Every 30 minutes, entities are polled by NetScaler MAS by using NITRO calls. An entity is either a policy, virtual server, service, or action attached to a NetScaler instance. While this poling interval is configurable, you cannot set it to less than 10 minutes. To configure it, navigate to Networks > Network Functions > Settings > Configure Polling Interval for Entities. You can also poll the entities configuration when required by navigating to Networks > Network Functions > Load Balancing > Entities Configuration > Poll Now.
- But you will see the status change in the Application dashboard of MAS. Because it monitors the applications in real time.
- You will also receive traps for this event and you can see that under Infrastructure > Events > Event Messages.
- You can see the output of the MAS poll in mps_config.log and mps_inventory.log files.
The troubleshooting procedure is similar to how you troubleshoot Insight.
- Verify if AppFlow is configured on NetScaler vservers. Check if MAS IP is in AppFlow collector list.
- Make sure that appropriate AppFlow policies and actions are in place.
- Examine mps_afdecoder.log and mps_afanalytics.log under /var/mps/log for any errors.
- Verify if traffic is reaching MAS from NetScaler on UDP port 4739. Use tcpdump on MAS to determine this.
Verify if those events are captured in NetScaler MAS event logs. We cannot see them in CLI logs as they are directly recorded to the DB. If yes, then verify if connection to mail server is taking place. You might see errors similar to the following in mps_event.log file:
Monday, 23 Jan 17 13:42:03.781 +0000 [Error] [Main] Exception : Host not found: mail.citrite.net occurred while sending mail for rule: email_rule_test
A successful email sending process will be like this:
Thursday, 30 Mar 17 12:45:54.728 +0530 [Debug] [Main] Establising session
Thursday, 30 Mar 17 12:45:55.003 +0530 [Debug] [Main] trying login
Thursday, 30 Mar 17 12:45:55.553 +0530 [Debug] [Main] sending message
Thursday, 30 Mar 17 12:45:57.411 +0530 [Debug] [Main] closing session
Thursday, 30 Mar 17 12:45:57.686 +0530 [Debug] [Main] Updating the database
Over here, you can see NetScaler MAS setting up a session with the email server.
- NetScaler uses SNMP to send traps to MAS. Confirm if the NetScaler is configured with right SNMP settings (This will already be configured when NetScaler is added to MAS).
- See if traps are sent to MAS using TCPDUMP on port 161,162.

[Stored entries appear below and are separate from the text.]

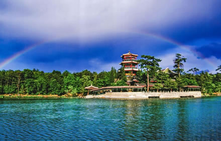 湖泊區(qū):苑景區(qū)的精華基本上在湖泊區(qū),康熙曾夸耀說,“天然風(fēng)景勝西湖”。由于洲島錯落,湖面被長堤和洲島分割成5個湖,各湖之間又有橋相通,兩岸綠樹成蔭,山莊主要的風(fēng)景建筑又都散落在湖區(qū)的周圍,因此顯得曲折有致,秀麗多姿。湖泊區(qū)位于山莊東南,面積49.6萬平方米。有大小湖泊八處,即西湖、澄湖、如意泅、上湖、下湖、銀湖、鏡湖及半月湖,統(tǒng)稱為塞湖。 湖區(qū)的風(fēng)景建筑大多是仿照江南的名勝建造的,如“煙雨樓”,是模仿浙江嘉興南湖煙雨樓的形狀修的。金山島的布局仿自江蘇鎮(zhèn)江金山。湖中的兩個島分別有兩組建筑,一組叫“如意洲”,一組叫“月色江聲”!叭缫庵蕖鄙嫌屑偕、涼亭、殿堂、廟宇、水池等建筑,布局巧妙,是風(fēng)景區(qū)的中心。“月色江聲”是由一座精致的四合院和幾座亭、堂組成。每當(dāng)月上東山的夜晚,蛟潔的月光,映照著平靜的湖水,山莊內(nèi)萬籟俱寂,只有湖水在輕拍堤岸,發(fā)出悅耳的聲音,“月色江聲”的題名便是由此而來。湖泊區(qū)集南方園林之秀和北方園林之雄,將江南園林的景觀移植到塞外。區(qū)內(nèi)湖泊總稱“塞湖”,總面積57公頃。
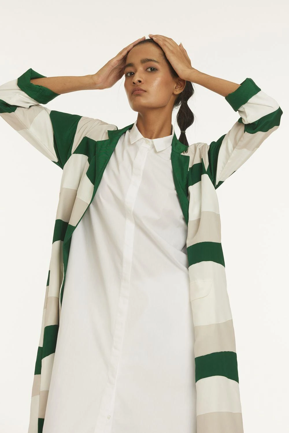 Elevating your basics is the first step toward dressing like a minimalist. Three’s designs fit into the bracket perfectly. A perfect fit for your closet, this jacket features emerald green, ash grey and white panels.
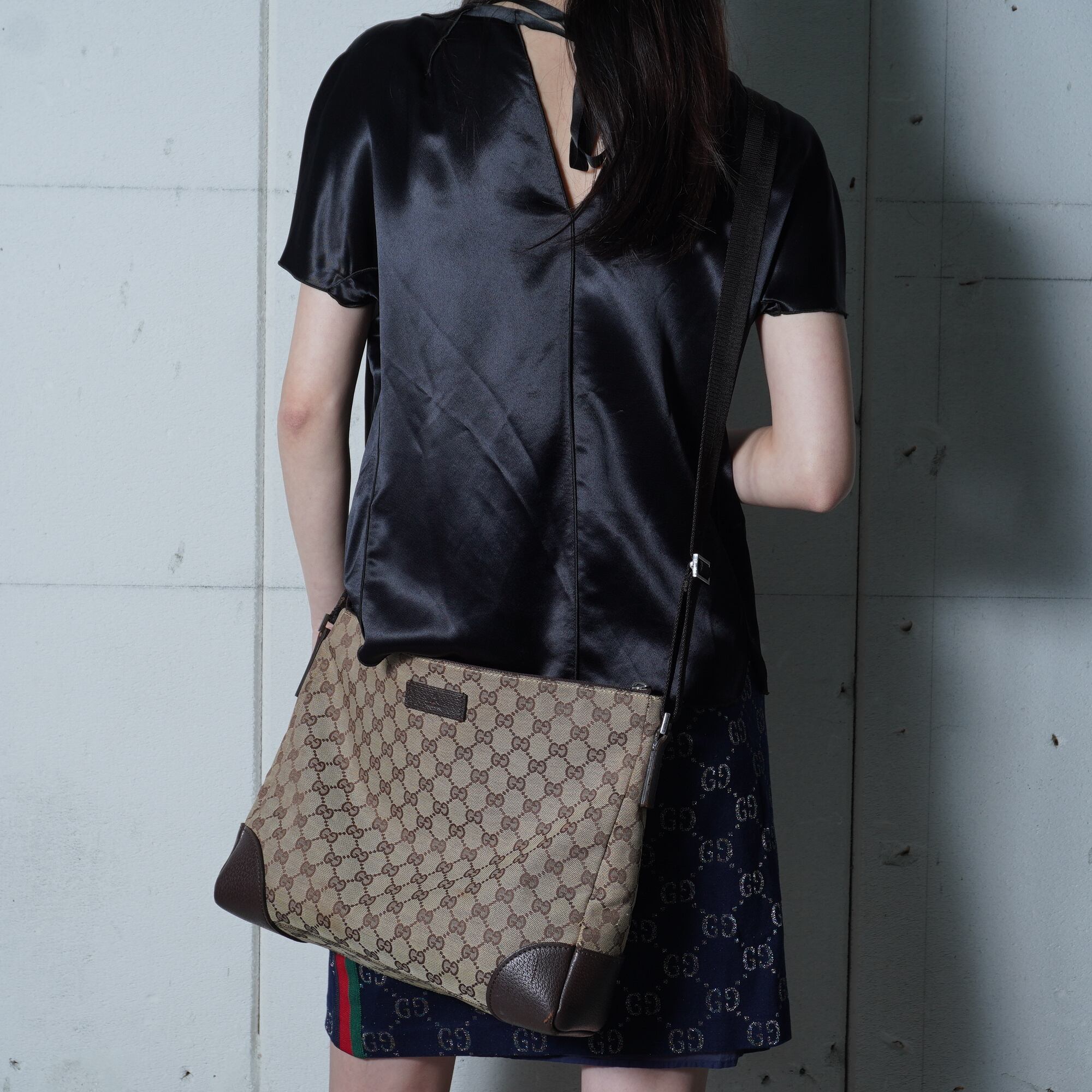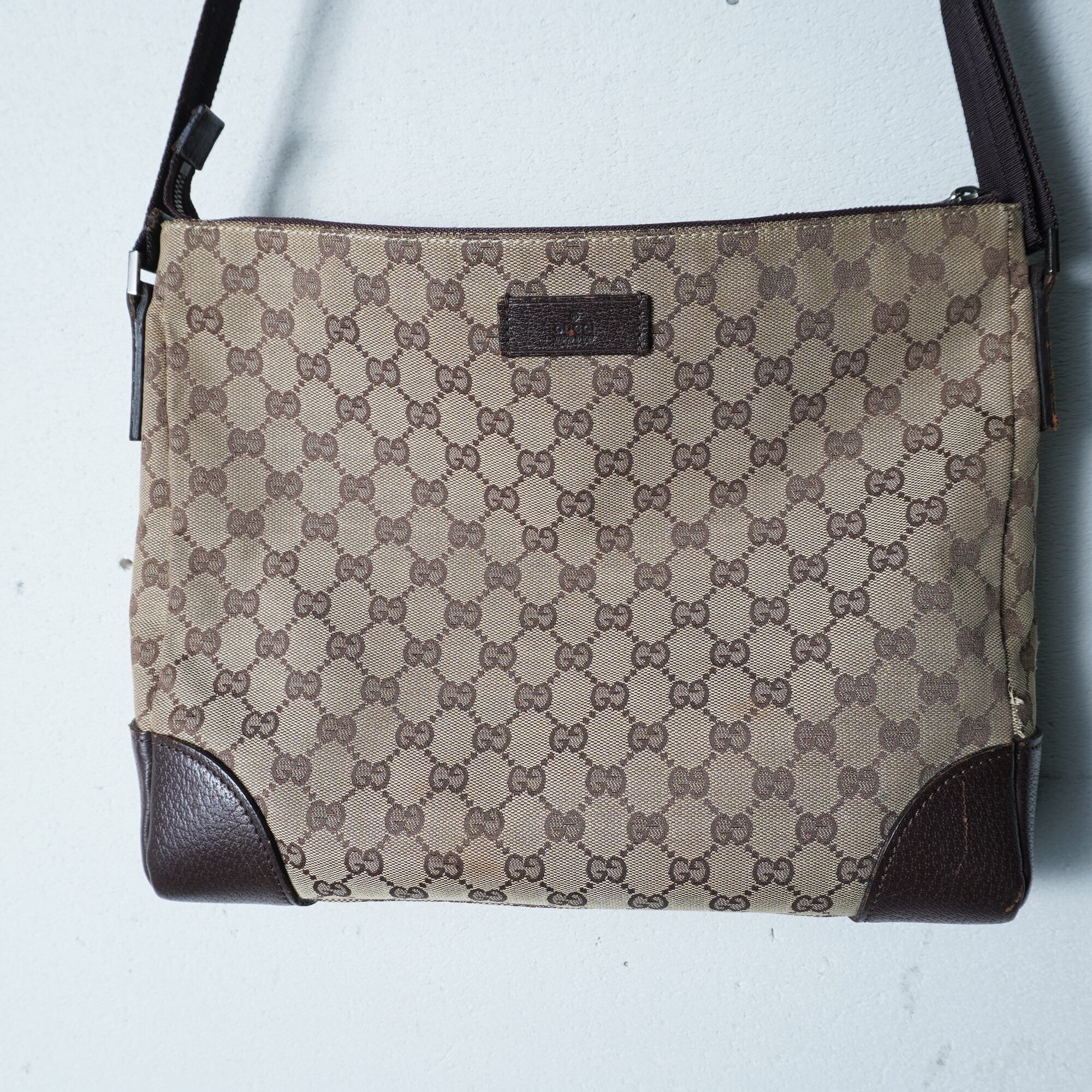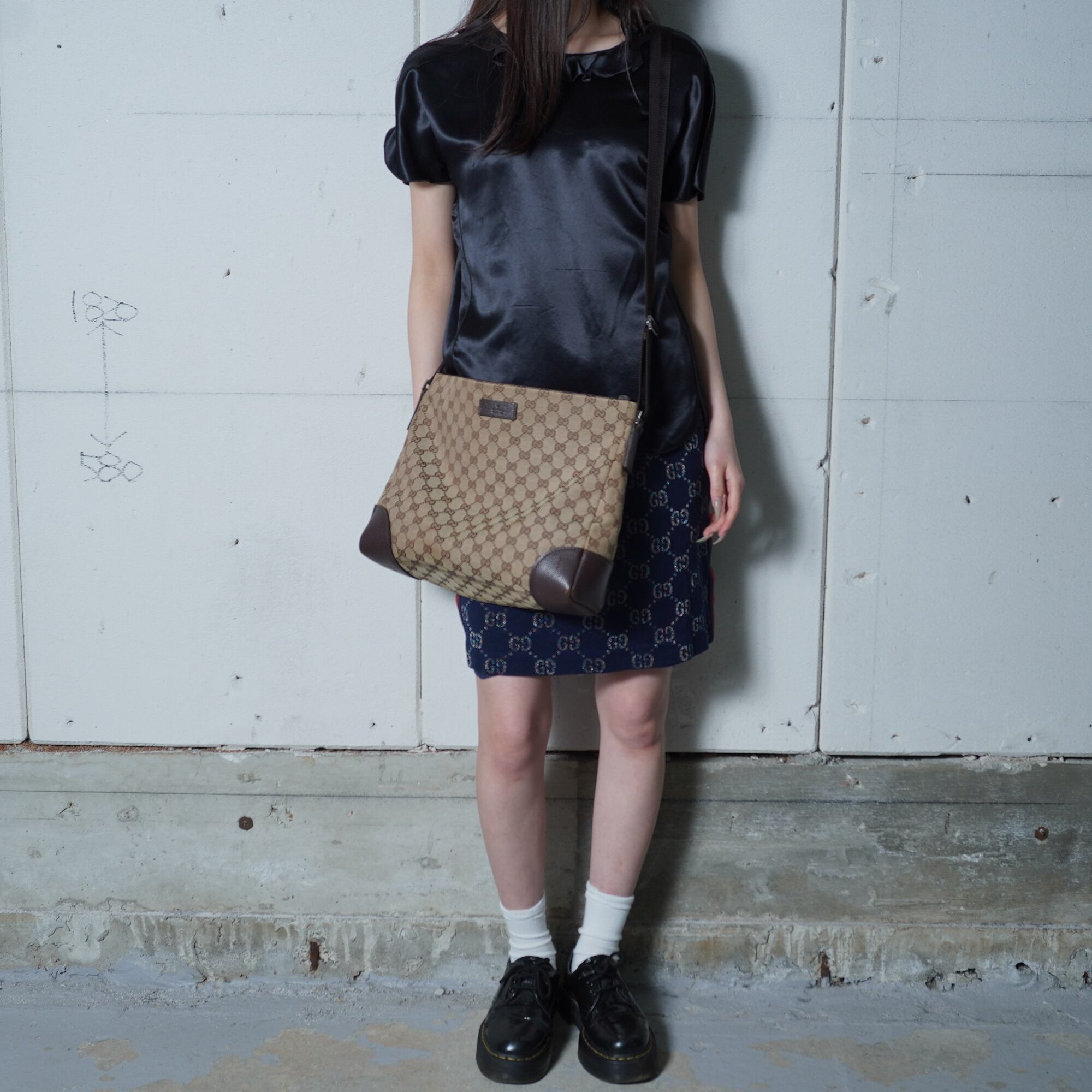 【GUCCI】グッチ GG柄キャンバス・レザーワンショルダーバッグ brown&beige

- Examine mps_event.log under /var/mps/log for the following logs:
Friday, 31 Mar 17 11:41:06.948 +0530 [Debug] [Main] SNMP traps recieved = 6410, rate/sec: 0, Dropped packets after recieving = 0
Friday, 31 Mar 17 11:41:06.949 +0530 [Debug] [Main] SNMP traps processed = 6048, rate/sec: 0, Dropped Packets after processing = 0
This log will be shown every 30 seconds. Confirm if the SNMP traps received counter is increasing and dropped packets counter is not increasing. Ideally, the difference between processed and received SNMP counters should stay the same.
The reasons for traps being dropped are:
- Traps coming from sources that are not added on NetScaler MAS.
- NetScaler MAS is not able to process all of the packets sent to it.
- Some parsing related errors (This is captured in mps_event.log)
- NetScaler MAS is not able to understand that trap.
- Verify if logs are sent to NetScaler MAS using TCPDUMP on port 514.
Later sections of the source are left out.